29/10/2014 06:48 GMT | Updated 28/12/2014 05:59 GMT

When Did Patriotism Become Synonymous With Persecution?

Nationalism, patriotism and conservatism (with a small c) are principles that have been influential throughout British History. They have helped shape our sense of identity and define our culture, despite the argument as to what that exactly constitutes.

In my humble opinion there are not many things that evoke a greater sense of national pride than a rousing rendition of 'Land of Hope and Glory' or the thought of Winston Churchill defiantly declaring "we shall fight them on the beaches..."

However, in recent years it seems the sense of national pride that one should rightly feel for being British has been hijacked.

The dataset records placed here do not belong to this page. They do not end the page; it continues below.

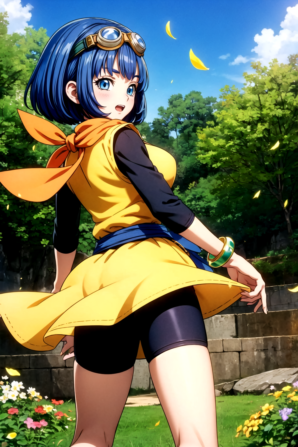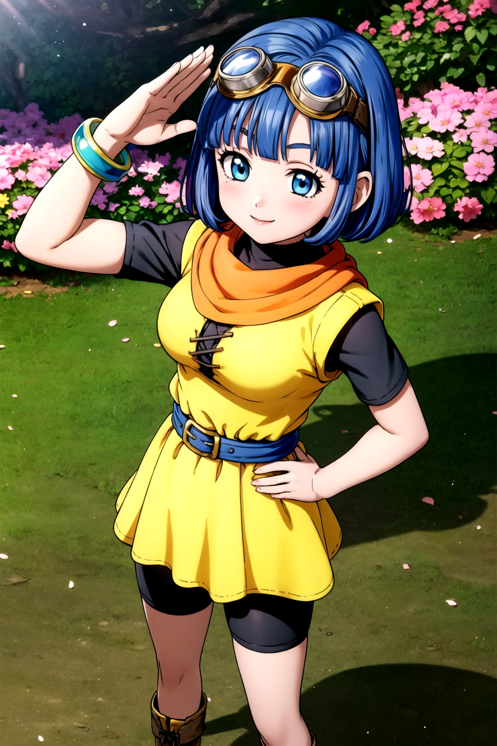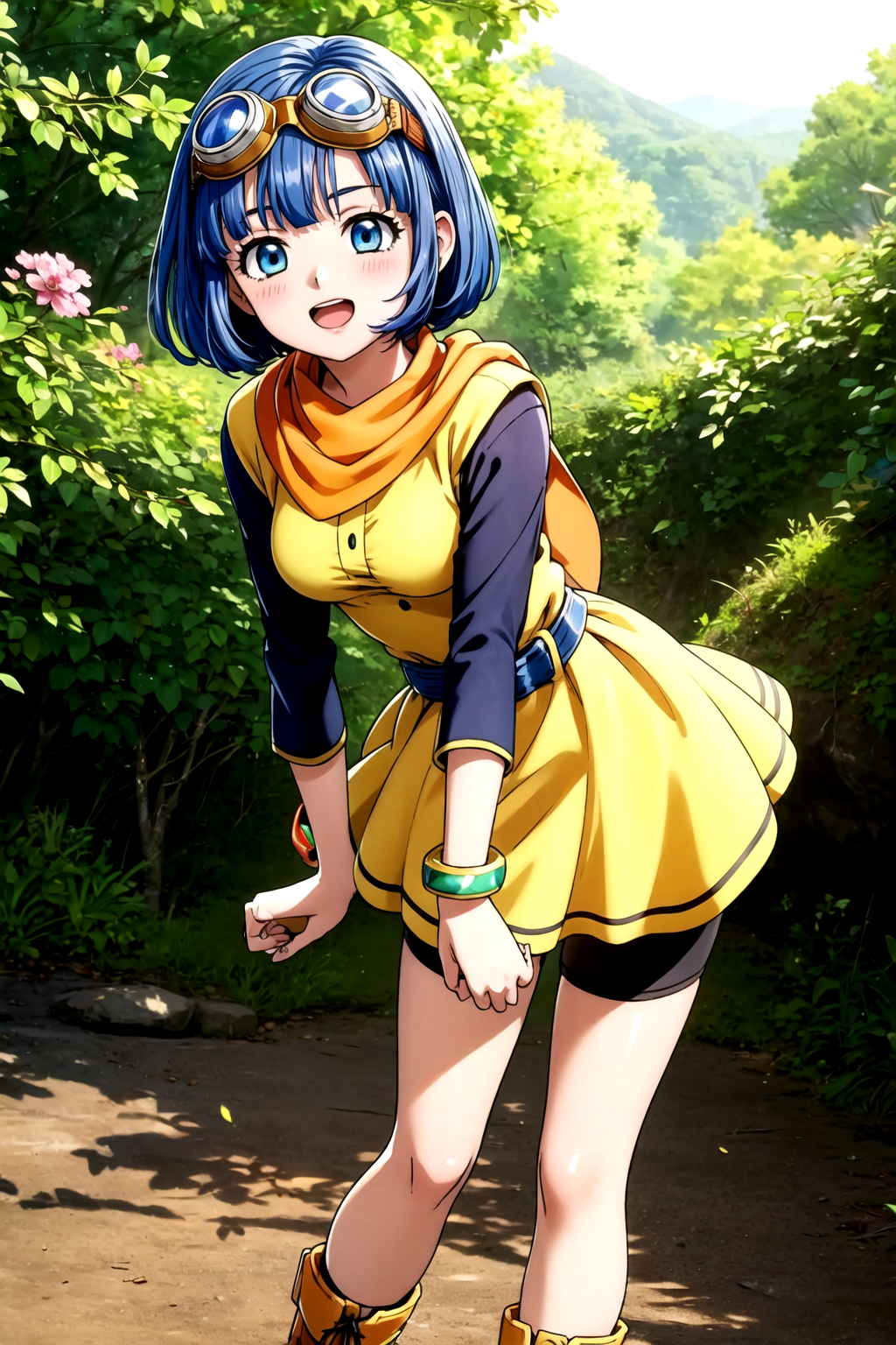 ・DQ10 seraphi(short hair, bob cut, blue hair, blue eyes, goggles, goggles on head, )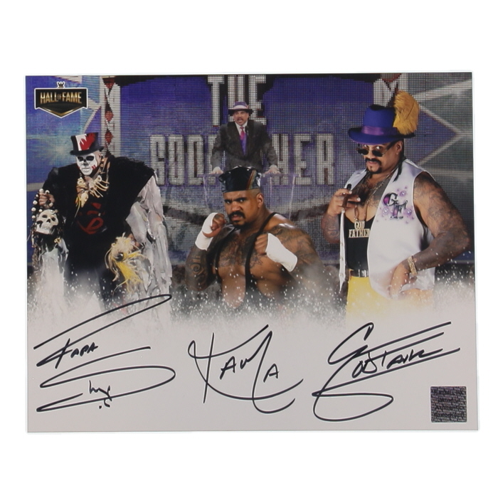 Photo measures 8" x 10" in size. Hand-signed by Charles Wright (HOF) as (3) of his in-ring personas: The Godfather, Papa Shango and Kama Mustafa.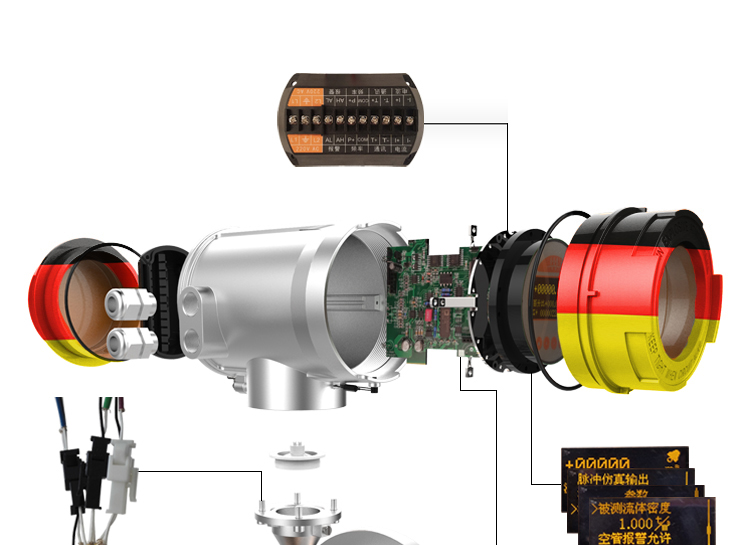 6.勵磁線及電極線均采用優(yōu)質(zhì)的單芯屏蔽線,可降低干擾,提高信號的潔凈度,從而提高測量精度。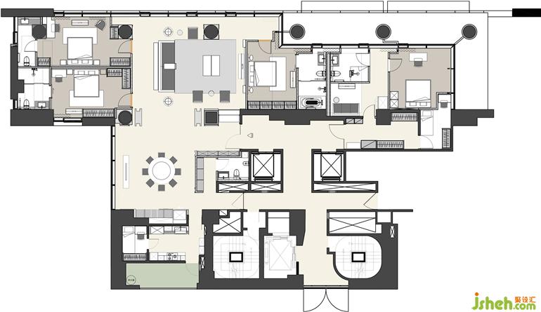 積極保留所有空間大面采光,為百坪的都會住宅帶來飽滿光線及遼闊視野,而象山自然風(fēng)景與都會景致則同時(shí)延伸至內(nèi)部,在繁忙日常增加了綠意情調(diào),住宅空間設(shè)計(jì)也展現(xiàn)出奢華中的平靜美好與質(zhì)感氣度。
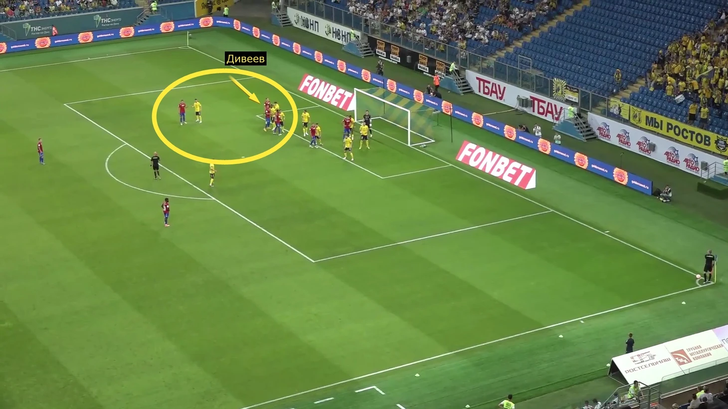 Во время гола «Оренбургу» ЦСКА использовал привычный кросс Роше на дальней штанге. Затем Дивеев просто заблокировал вынос Матиаса Переса после неожиданного удара Рифата Жемалетдинова через себя, что привело к голу.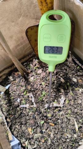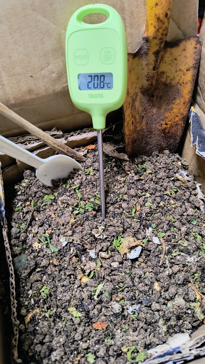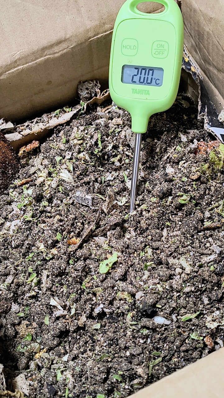 昨日入れたキャベツとミカンなどが、ほぼ分解されていない。温度も20.8℃で、室温より少し高い程度で、ほぼ発酵していない状態だと思う。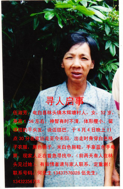 今天听到一个很不好的消息,十几年老同的母亲走失了,知道这事心里很不是滋味。我们虽没有血缘关系,但我们是十几年的同学,如兄弟姐妹般。我身在广州,没能够亲自去寻找,但应该尽自己的心,尽自己的力,如此才能不枉为老同。希望这是虚惊一场,有惊无险。妈妈早日回家……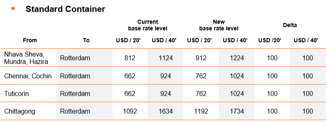 此外,从9月1日起,从东亚到南美东海岸,以及从9月15日起至美国和加拿大的汉堡航线也将实行提价。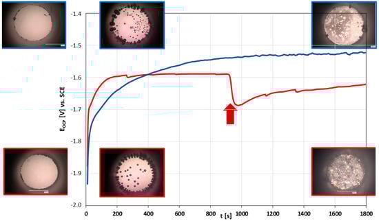 EOCP vs. t plots for XHP (red) and cp (blue) magnesium aligned with microscopic pictures (prior to contact with electrolyte, as well as at t = 0 and 30 min, after removal of the hydrogen bubbles); arrow: spontaneous detachment of large hydrogen bubble exposing fresh magnesium surface.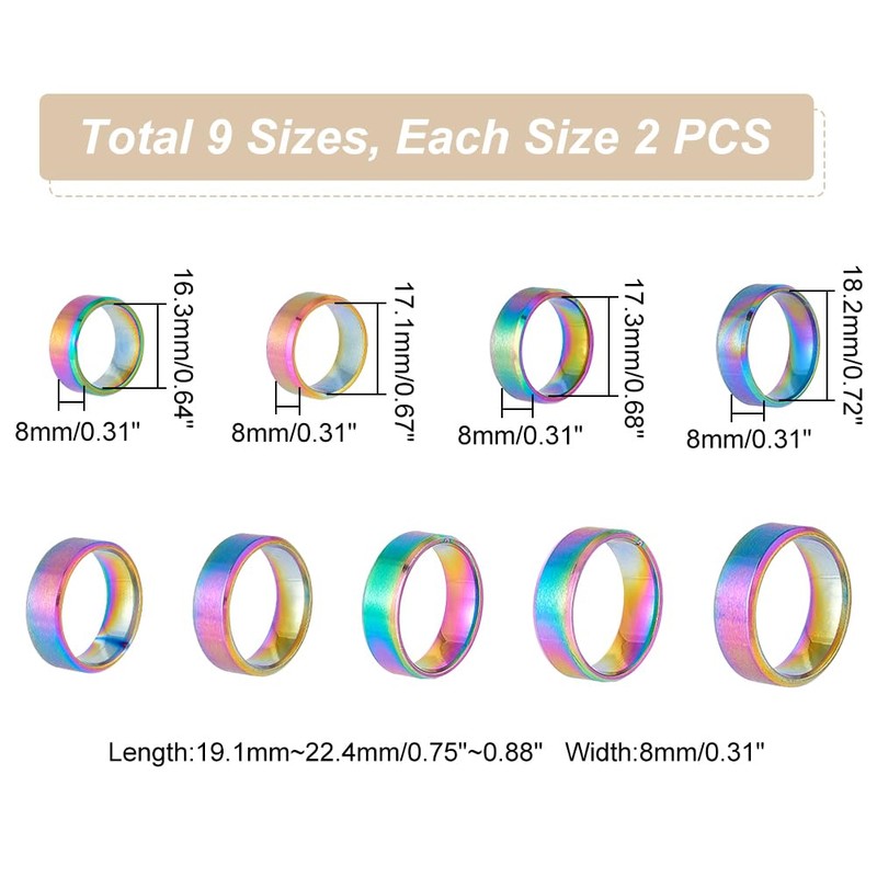 - 9 tamaños: recibirás 18 anillos de acero inoxidable, en tamaño 5/6/8/9/10/11/12/13, 2 piezas para cada tamaño. Puedes elegir diferentes tamaños para combinar con tus atuendos diarios, dando a las personas una experiencia visual diferente.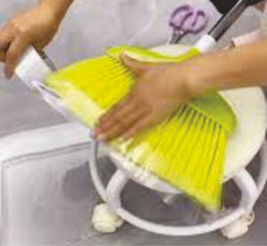 Si el problema en la casa son los pelos de nuestras mascotas o la caída del cabello humano cuando nos peinamos, acá te damos una sencilla solución. Colocas cinta adhesiva de embalar en la parte inferior de la escoba y los pelos se pegarán a la cinta.

Groups and organisations, such as the English Defence League and Britain First, have utilised the rhetoric of supposed patriotism to excuse the persecution of those who are different.

In one of the first short documentaries I ever made I spent time with the EDL as they protested against the opening of an Islamic youth centre. The EDL describe themselves as a street activist movement against the Islamification of British society. Tommy Robinson the founder and ex leader of the group claimed they were not a racist organisation and were solely opposed to what he refers to as 'radical Wahhabi Islam'. With that in mind I turned up to film with my cameraman Ally (short for Alamein), who is British born and raised, but of Iraqi heritage. However, we were denied access to film until we concocted the lie of Ally being short for Alessandro and him being of Italian descent. The clear basis of their thought process being how could someone who doesn't look like us be British?

Over the last few months I have been hoping to create a short documentary with Britain First. They are a slightly different entity from the EDL and cite the defence of Christianity as their primary aim. The group propagates the idea that an inherently Christian nation (that has 12% of its population attend church weekly) is under siege from immigration and Islam. So far in my attempts to get Britain First to agree to filming, I have been rebuffed. Jim Dowson co-founder and now ex member of the group informed me that my proposal to create a film aimed at a predominantly student demographic would not be agreeable to Britain First as students are intrinsically 'left wing'.

I have always been fascinated by the Cecil Rhodes quote "to be born an Englishman is to have come first in the lottery of life". With unashamed bias, I agree with the sentiment, however, if you were to interpret that quote literally and had not come first in a game of chance should that be reason enough to condemn you or consider you unequal?

The aforementioned groups have specialised in using the emotive last stand rhetoric of years gone by, the difference being this time that there is no army marauding across Europe threatening our very sovereignty. With this in mind, the focus has changed to our sense of identity; however, we are not a single homogenous group. Britain is, and always has been a set of varying countries, traditions and people melded together in an arguably meritocratic society.

A fundamental part of patriotism is taking pride in our tolerant liberal democracy and in the words of Robert Ingersoll "tolerance is giving every other human being every right you claim for yourself". I understand there is an economic argument to be had (for another day) and I don't reject it, however it should not be in place of a moral one.

Perhaps the most unpatriotic thing to have occurred in modern times is the denigration of our flags and symbols to have connotations of bigotry and intolerance.